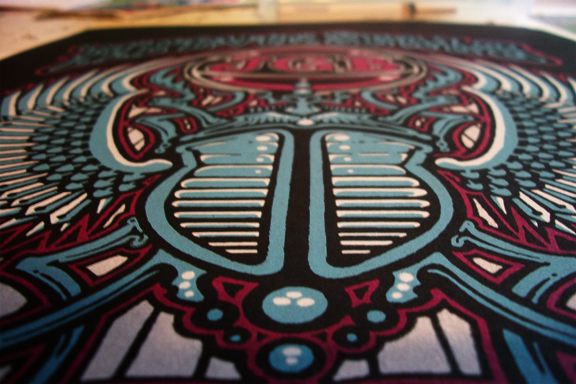 3 color screenprinted poster with Metallic inks...
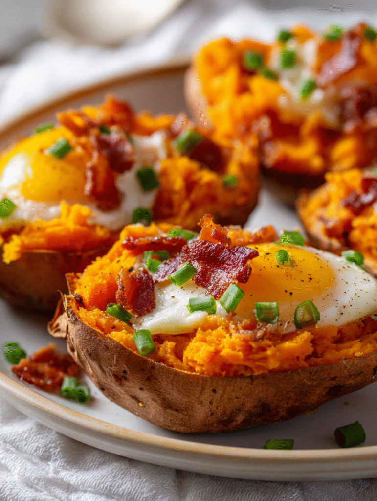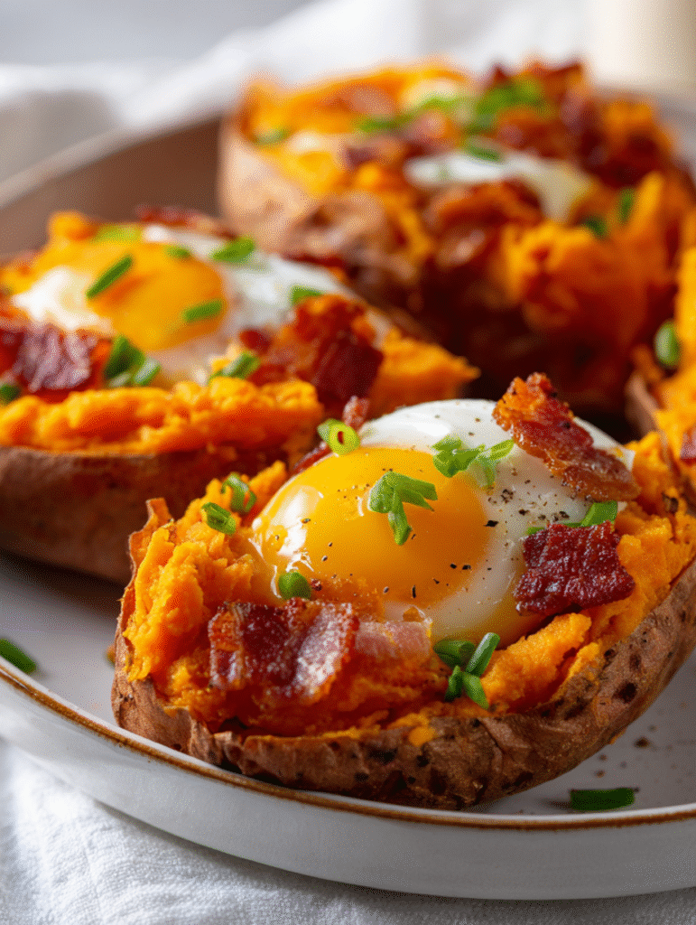Picture soft, tender sweet potatoes baked until their skins are slightly crisp and rich in orange-glow, then hollowed and filled with warm butter, savory bacon, gooey cheddar-cheese, and topped with a gently baked egg that bursts its golden yolk. Every bite is a comforting melody of silky sweet potato flesh, smoky bacon crunch, melted cheese warmth, and eggy richness. This breakfast dish elevates the humble sweet potato into something special—perfect for a weekend brunch, a cozy Sunday morning, or anytime you want a hearty, satisfying start. It’s warm, homey and brimming with flavor.
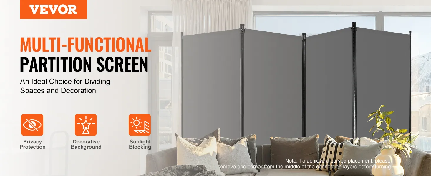 • Easy Assembly & Storage: With all necessary accessories and clear assembly instructions, the room screen is easy to set up in about 15 minutes—two people are recommended for the process. For stability during use, we suggest slightly folding the W-shaped sections. When not in use, simply fold it and store it in a corner, saving space.
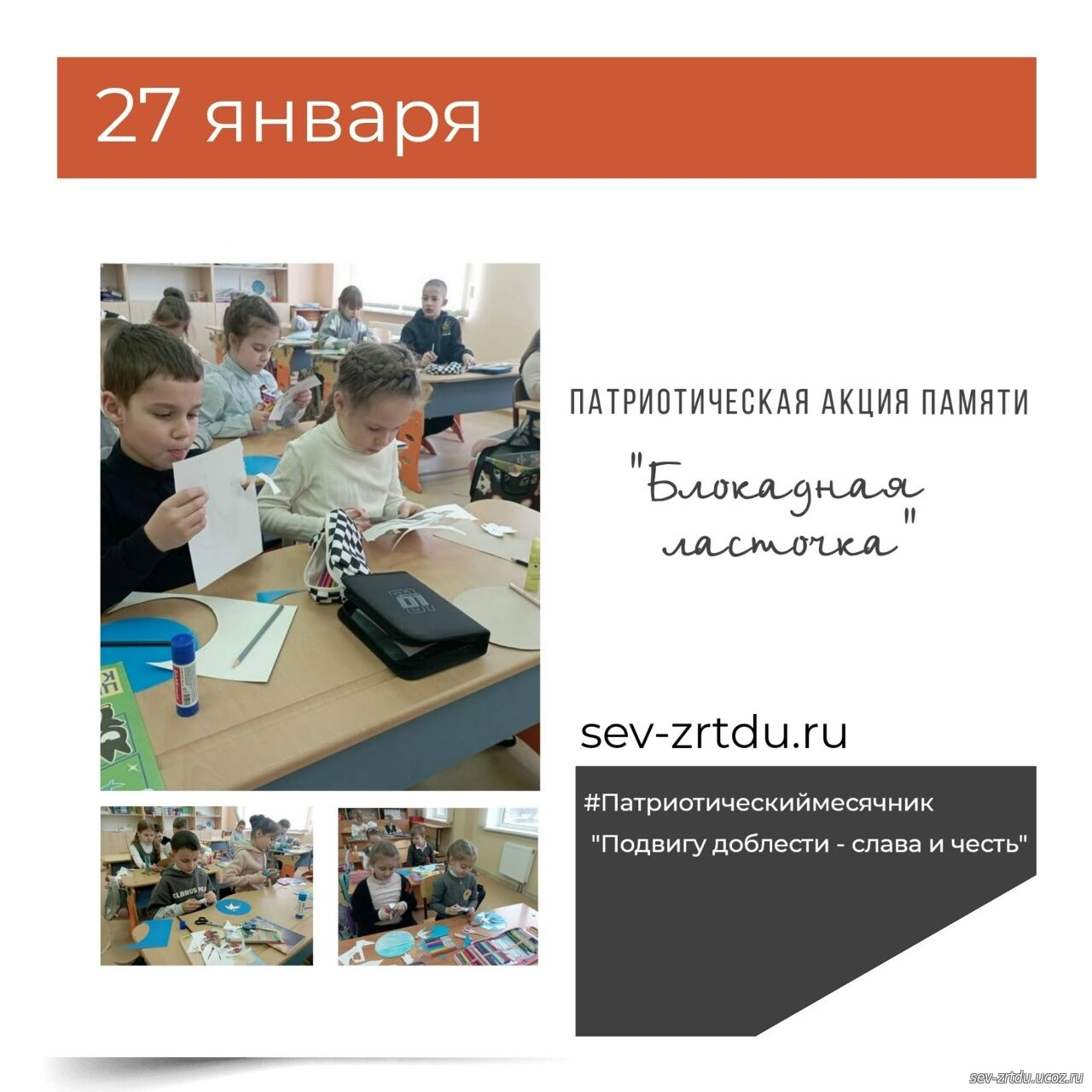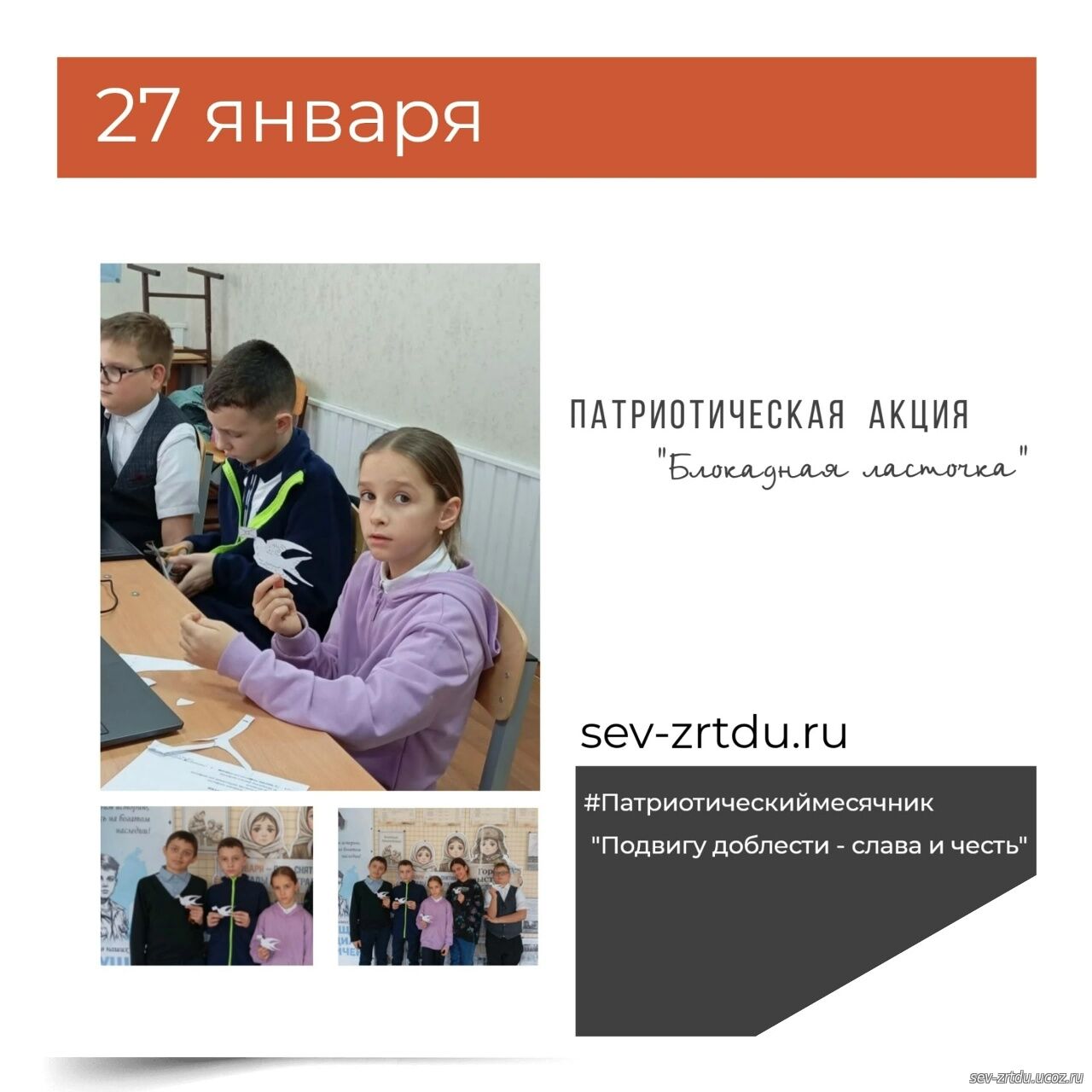 27 января, учащиеся объединения "Компьютерная грамотность" приняли участие в патриотической акции "Блокадная ласточка". Педагог Соломина М.Е. провела беседу о самой тяжёлой странице в истории Великой Отечественной войны, показала видео с рассказом свидетеля тех страшных событий, маленького жителя блокадного Ленинграда. Ребята узнали о возникновении символа надежды -ласточки блокады и вырезали ласточек из бумаги.
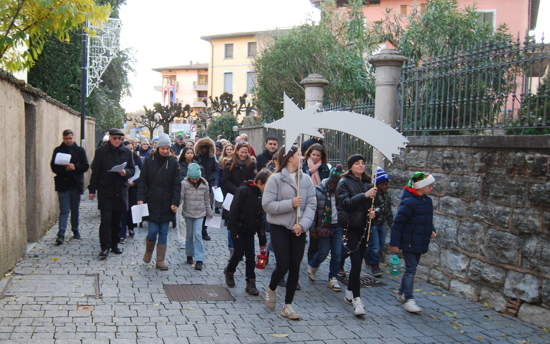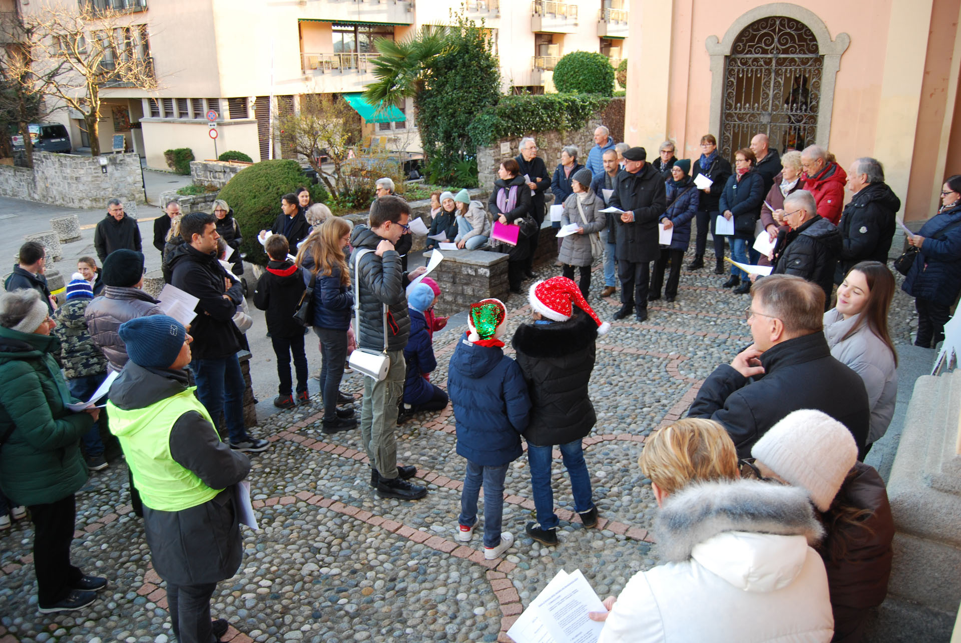 Molto ben riuscita e partecipata la Veglia d'Avvento organizzata dal Vicariato del Mendrisiotto domenica scorsa, 15 dicembre, a Morbio Inferiore. Il centinaio di persone, tra grandi e piccoli, hanno fatto un percorso a partire dal sagrato della chiesa di S. Rocco, con soste di preghiera-riflessione-canti nel nucleo del paese (compresa la tappa davanti alla moderna cappella di S. Teresina di Gesù Bambino) fino alla chiesa di S. Giorgio, dove si è potuto ammirare, in una grotta, la suggestiva rappresentazione vivente della Natività. Il tema conduttore è stato quello del prossimo Giubileo: "Pellegrini di speranza". Arrivati poi davanti alla facciata di S. Giorgio, si è spalancata la porta infiorata e la suddetta Natività vivente, rappresentata da due ragazzi con un neonato, aveva come sfondo il bellissimo affresco cinquecentesco del Natale, che riempie l'intera abside della chiesa romanica (v. foto). Un momento conviviale con bevande calde ha concluso il bell'incontro.
-- -- --
- **YOUR GOAL**: Taking each record in turn, retype it exactly and drop any picture.

- **EXERCISE RESULT**:
 3 color screenprinted poster with Metallic inks...
Picture soft, tender sweet potatoes baked until their skins are slightly crisp and rich in orange-glow, then hollowed and filled with warm butter, savory bacon, gooey cheddar-cheese, and topped with a gently baked egg that bursts its golden yolk. Every bite is a comforting melody of silky sweet potato flesh, smoky bacon crunch, melted cheese warmth, and eggy richness. This breakfast dish elevates the humble sweet potato into something special—perfect for a weekend brunch, a cozy Sunday morning, or anytime you want a hearty, satisfying start. It’s warm, homey and brimming with flavor.
 • Easy Assembly & Storage: With all necessary accessories and clear assembly instructions, the room screen is easy to set up in about 15 minutes—two people are recommended for the process. For stability during use, we suggest slightly folding the W-shaped sections. When not in use, simply fold it and store it in a corner, saving space.
 27 января, учащиеся объединения "Компьютерная грамотность" приняли участие в патриотической акции "Блокадная ласточка". Педагог Соломина М.Е. провела беседу о самой тяжёлой странице в истории Великой Отечественной войны, показала видео с рассказом свидетеля тех страшных событий, маленького жителя блокадного Ленинграда. Ребята узнали о возникновении символа надежды -ласточки блокады и вырезали ласточек из бумаги.
 Molto ben riuscita e partecipata la Veglia d'Avvento organizzata dal Vicariato del Mendrisiotto domenica scorsa, 15 dicembre, a Morbio Inferiore. Il centinaio di persone, tra grandi e piccoli, hanno fatto un percorso a partire dal sagrato della chiesa di S. Rocco, con soste di preghiera-riflessione-canti nel nucleo del paese (compresa la tappa davanti alla moderna cappella di S. Teresina di Gesù Bambino) fino alla chiesa di S. Giorgio, dove si è potuto ammirare, in una grotta, la suggestiva rappresentazione vivente della Natività. Il tema conduttore è stato quello del prossimo Giubileo: "Pellegrini di speranza". Arrivati poi davanti alla facciata di S. Giorgio, si è spalancata la porta infiorata e la suddetta Natività vivente, rappresentata da due ragazzi con un neonato, aveva come sfondo il bellissimo affresco cinquecentesco del Natale, che riempie l'intera abside della chiesa romanica (v. foto). Un momento conviviale con bevande calde ha concluso il bell'incontro.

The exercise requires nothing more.